● WORK ITEM: The reply should hold every line of the data below, unchanged, and none of the pictures.

● GIVEN DATA:
*** Begin section ***
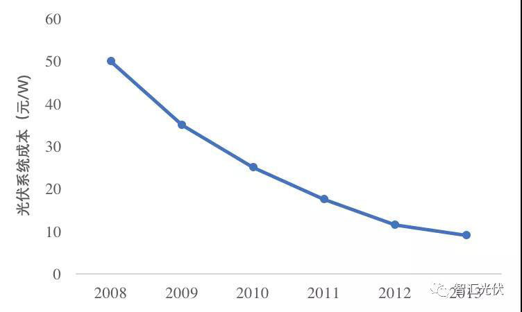 在裝機規(guī)模大幅增加的促進下,2009年、2010年,國內(nèi)光伏系統(tǒng)價格出現(xiàn)了明顯下降,并網(wǎng)光伏電站的系統(tǒng)價格,在2008年50~60元/W的基礎(chǔ)上,幾乎每年下降30%。
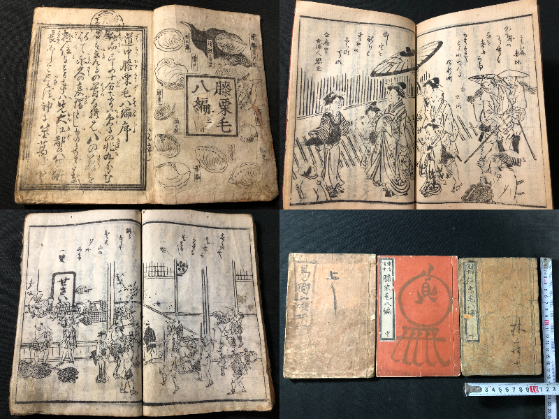 > 7491十返舎一九 滑稽本 絵入5■東海道中 膝栗毛8編■全3冊揃 弥次喜多 道中記 江戸期 木版画 木版 版画 和本 浮世絵 古書古文書骨董古美術
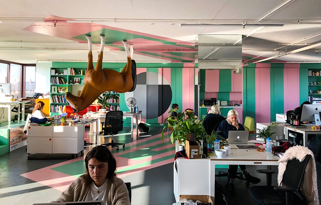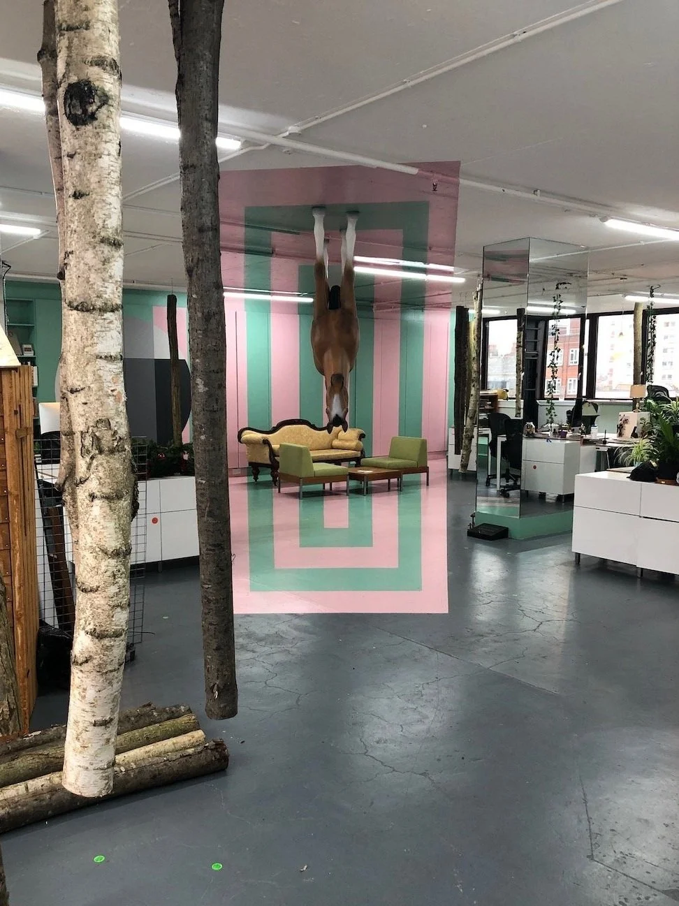 This design for the East London studio of the Dutch communications agency, KesselsKramer continues the agency’s long-standing working relationship with Sean Griffiths who, as a director of FAT, designed their studios in Amsterdam and their previous London outpost in Hoxton. Consultation with the agency’s staff established the desire for a heavily planted, garden-like space with surreal qualities. This is achieved through the creation of a communal/meeting area defined by the illusionistic application of a painted motif on the floor, walls and ceiling, which makes furniture and object placed upon it appear to float. The studio is informally divided into workspaces by the careful distribution of birch tree trunks, hung from the ceiling which contribute to the desired effect of a surreal garden.
*** End section ***
● RESPONSE:
 在裝機規(guī)模大幅增加的促進下,2009年、2010年,國內(nèi)光伏系統(tǒng)價格出現(xiàn)了明顯下降,并網(wǎng)光伏電站的系統(tǒng)價格,在2008年50~60元/W的基礎(chǔ)上,幾乎每年下降30%。
 > 7491十返舎一九 滑稽本 絵入5■東海道中 膝栗毛8編■全3冊揃 弥次喜多 道中記 江戸期 木版画 木版 版画 和本 浮世絵 古書古文書骨董古美術
 This design for the East London studio of the Dutch communications agency, KesselsKramer continues the agency’s long-standing working relationship with Sean Griffiths who, as a director of FAT, designed their studios in Amsterdam and their previous London outpost in Hoxton. Consultation with the agency’s staff established the desire for a heavily planted, garden-like space with surreal qualities. This is achieved through the creation of a communal/meeting area defined by the illusionistic application of a painted motif on the floor, walls and ceiling, which makes furniture and object placed upon it appear to float. The studio is informally divided into workspaces by the careful distribution of birch tree trunks, hung from the ceiling which contribute to the desired effect of a surreal garden.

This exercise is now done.